Circuit Court of Appeals, Fifth Circuit
Feb 13, 1929
29 F.2d 963 (5th Cir. 1929)

Opinion

No. 5372.

January 17, 1929. Rehearing Denied February 13, 1929.

Appeal from the District Court of the United States for the Northern District of Texas; William H. Atwell, Judge.

Action by Mrs. Octavine L. Dreeben against the Mutual Life Insurance Company of New York. Judgment for defendant, and plaintiff appeals. Affirmed.

See also (D.C.) 20 F.2d 394.

George S. Wright, of Dallas, Tex. (Thompson, Knight, Baker Harris, of Dallas, Tex., on the brief), for appellant.

Eugene P. Locke and Albert S. Johnson, both of Dallas, Tex. (Locke, Locke, Stroud Randolph, of Dallas, Tex., on the brief), for appellee.

Before WALKER, BRYAN, and FOSTER, Circuit Judges.


Appellant was the beneficiary of an insurance policy on the life of her deceased husband, and brought this suit to recover the face amount of such policy; but the insurance company obtained judgment based on its defense to the effect that the insured, by his failure to pay an annual premium that fell due during his lifetime, had permitted the policy to lapse.

The policy was issued January 1, 1921. It was a "yearly renewable term" policy. The premium was payable annually in advance on the 1st day of January and was increased each succeeding year as the age of the insured advanced, but was not more during any year than the current cost of insurance. The policy therefore had no reserve or cash surrender value, and contained no provision for automatic extension of insurance, or for paid-up insurance. A period of grace of 31 days was provided for in the following language:

"A grace of thirty-one days shall be granted for the payment of every premium after the first, during which period of grace the insurance shall continue in force. If death occur within the period of grace, the overdue premium and any other unpaid premium or premiums necessary to complete premium payments for the then current policy-year shall be deducted from the amount payable hereunder.

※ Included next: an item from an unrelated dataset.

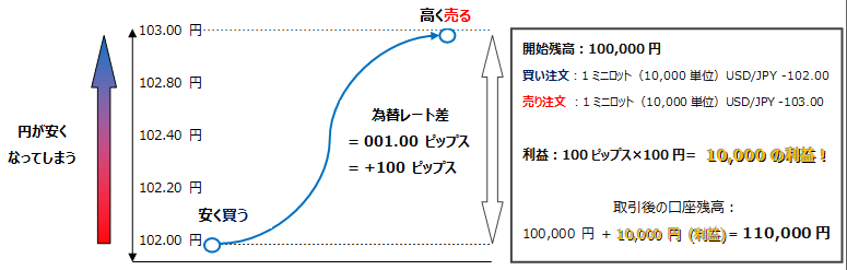 あるトレーダーが、取引口座に10万円を入金し、102.00円でUSD/JPYの標準ロットを1ロット(100,000通貨単位)買ったとします。その後、103.00円で売ると、001.00ピップス(+100ピップス)の利益を得ることになります。
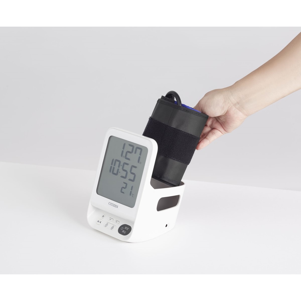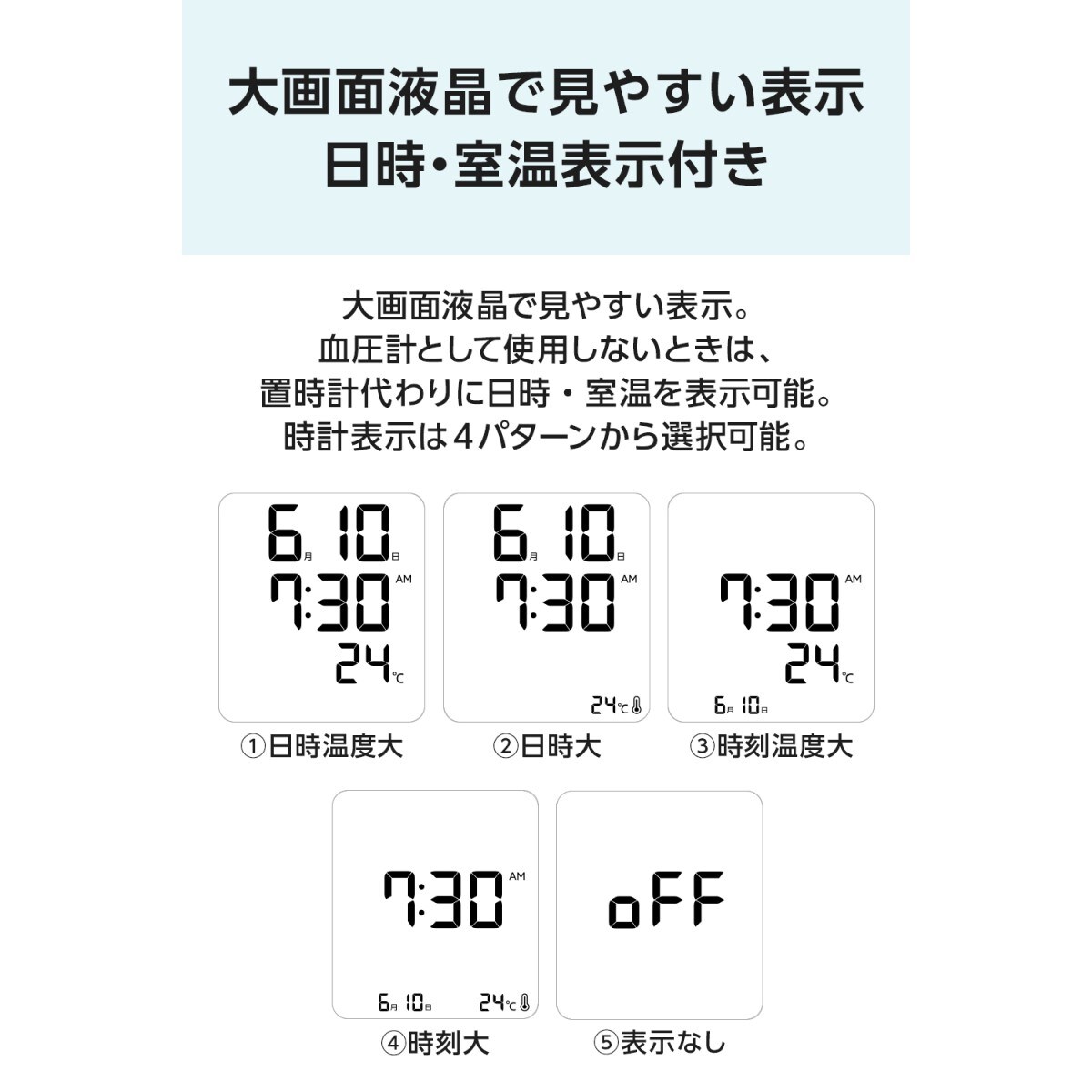 <<毎日の測定を手軽に継続できる>>使用しないときは時計になる!カフが収納できるから置き場に困りません。時計と気温表示機能が付いた血圧計で、継続的に測定を!

"Except as herein provided the payment of a premium shall not maintain this Policy in force beyond the date when the next premium is payable. If any premium be not paid before the end of the period of grace, then this Policy shall immediately cease and become void, and all premiums previously paid shall be forfeited to the Company."

On December 9, 1924, the insurance company mailed the insured a notice, in which it was stated that the policy would become forfeited and void unless the annual premium should be paid on or before January 1, 1925; "subject, however, to any specific agreements as to time of payment or waiver contained in such contract."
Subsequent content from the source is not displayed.